A nice little ground fire every few decades cleans house in the forest. It burns the grass and brush, and maybe some smaller trees — the "ladder fuels" that might carry a fire up into the tree canopy. Those canopy fires are the worst kind — they kill forests.
But scientists are discovering that some trees in the West that previously would survive and thrive with small fires are now losing their ability to do so.
Phillip van Mantgem, a research ecologist with the U.S. Geological Survey, has found a pattern to explain why.
"As we came across areas that were warmer relative to the long-term average, they had a higher chance of mortality, those trees, after they got burned," van Mantgem says.
Trees are no strangers to heat and drought — they're pretty tough. But van Mantgem found that the kind of heat we're seeing in the West recently has made some trees vulnerable, even in small fires.
How that works isn't exactly clear. Van Mantgem says it appears that drought and heat can create air bubbles inside the trees, like the air bubbles that sometimes jam up an engine's fuel system.
"A tree will essentially have a bunch of tubes, a bunch of straws going through them, from the roots up to the leaves, and it's pulling water through its tubes," he says. "And then if you get an air bubble in there, it won't pull water anymore."
Van Mantgem found this fire vulnerability across numerous national parks in the West, including Colorado, Arizona, New Mexico and Oregon. He found that small, controlled fires set on purpose to help forests were killing trees that normally would have survived.
Scientists say this doesn't bode well for western forests. Lots of computer models of future climate agree that the West will get hotter. And while both heat and drought are implicated here, van Mantgem says temperature is the main culprit.
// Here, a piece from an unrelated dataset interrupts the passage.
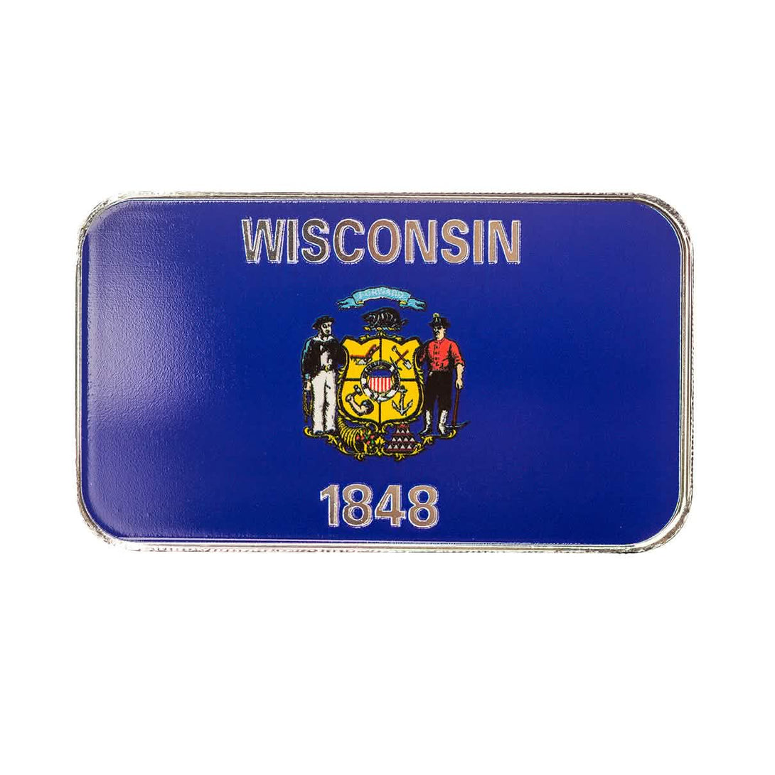 Celebrate the Badger State with this finely crafted 1 oz Silver Color Bar featuring the official State Flag of Wisconsin. With its detailed design and meaningful symbolism, the flag reflects Wisconsin’s history, values, and proud heritage.

David Breshears, an ecologist at the University of Arizona, explains that areas can have a decent amount of rainfall, but how much of it the trees actually get depends a lot on how thirsty the atmosphere is and how much moisture the air wants to suck out of the ground.
"And as temperature goes up," Breshears explains, "that demand gets higher, and it makes it much tougher for the trees."
The research is described in the journal Ecology Letters, and Breshears says the breadth of the area studied suggests that this is not an isolated phenomenon.
"It's just another domino in the whole pileup of events that are happening in the West," he says. "These western forests are getting hammered over and over again."
Breshears and other ecologists say that if these forests get hammered enough, they could be replaced with shrubs and other more fire-tolerant species.
"If we have a lot more mortality after these wildfires, that changes what those landscapes are going to look like in the future," he says.